Only time i curse slowdowns is during high quality light bakes in UDK, can say i'm very happy with this rig. Missing out on some cool photoshop functionality because it's XP and not vista or windows 7, but it's glitzy crap you don't really need.
Overall the PC performance seems to be on par with my home PC (quad 2.66, 8800gtx sli), except I like my Intuos and my 30" monitor much better
I don't think you need that much of an uber rig to do great work though. I never worked at a place where everyone had an uber rig, yet all the artists still get their work done properly.
Most difference seems to make: enough RAM, a 2nd monitor -which should be of the same make as the 1st - two different monitors with different colors will drive you nuts. Also make sure the systems you buy are stable and reliable - this beats speed any day. Of what use is a fast PC that crashes all the time or where the hardware flunks out and there's no service?
I feel your pain...hehe I work with you. Our first generation Wacoms are not cutting it. Mine still connects through the serial port, which the MB didn't even have. They had to buy a peripheral card in order to get the rig to recognize it. The drivers are dumped after a reboot.
I'm glad you posted this thread because I am very curious to see what others in the industry work on. When we start using Zbrush or Mudbox on a regular basis, the current hardware is going to have some issues (PS, Max, subdivision modeler and the game)...ouch.

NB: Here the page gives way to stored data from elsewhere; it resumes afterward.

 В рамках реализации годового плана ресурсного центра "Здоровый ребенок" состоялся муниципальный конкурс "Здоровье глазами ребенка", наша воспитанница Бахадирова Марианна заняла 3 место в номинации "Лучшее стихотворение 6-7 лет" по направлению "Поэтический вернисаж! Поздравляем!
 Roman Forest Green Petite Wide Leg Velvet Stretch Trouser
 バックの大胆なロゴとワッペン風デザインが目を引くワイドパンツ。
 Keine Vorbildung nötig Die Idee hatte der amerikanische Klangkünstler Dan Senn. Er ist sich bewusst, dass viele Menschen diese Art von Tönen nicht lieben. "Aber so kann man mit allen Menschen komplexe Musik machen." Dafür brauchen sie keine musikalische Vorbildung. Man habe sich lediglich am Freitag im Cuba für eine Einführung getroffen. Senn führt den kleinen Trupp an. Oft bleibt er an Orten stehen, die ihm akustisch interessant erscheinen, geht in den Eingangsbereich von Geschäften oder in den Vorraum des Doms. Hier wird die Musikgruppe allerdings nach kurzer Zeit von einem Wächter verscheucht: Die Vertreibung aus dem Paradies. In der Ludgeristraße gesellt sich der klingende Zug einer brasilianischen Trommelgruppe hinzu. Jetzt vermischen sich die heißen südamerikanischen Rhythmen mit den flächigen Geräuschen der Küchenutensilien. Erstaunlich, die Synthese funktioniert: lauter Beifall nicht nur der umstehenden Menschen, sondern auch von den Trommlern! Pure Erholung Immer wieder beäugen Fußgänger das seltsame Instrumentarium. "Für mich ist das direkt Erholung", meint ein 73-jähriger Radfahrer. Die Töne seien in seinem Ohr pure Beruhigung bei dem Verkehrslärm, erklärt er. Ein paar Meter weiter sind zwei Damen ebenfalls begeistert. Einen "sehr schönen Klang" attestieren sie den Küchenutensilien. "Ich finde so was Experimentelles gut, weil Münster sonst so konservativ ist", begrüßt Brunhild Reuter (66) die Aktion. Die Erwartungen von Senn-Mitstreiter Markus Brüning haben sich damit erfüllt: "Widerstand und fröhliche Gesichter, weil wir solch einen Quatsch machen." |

Amd Athlon 64 X2 Dual Core 3800+
2.01 GHz, 3 GB of RAM
NVidia GeForce 9800 GTX
And it's taken me three years to get something that good. We're a gaming/simulation place but the software department is rather small. 2 artists, 4 programmers. Took me a year to get 2 monitors and 2 years to get a wacom tablet. When i have been able to get upgrades, it's been when I've been able to show how much time I was losing due to crashes, slowdown, etc.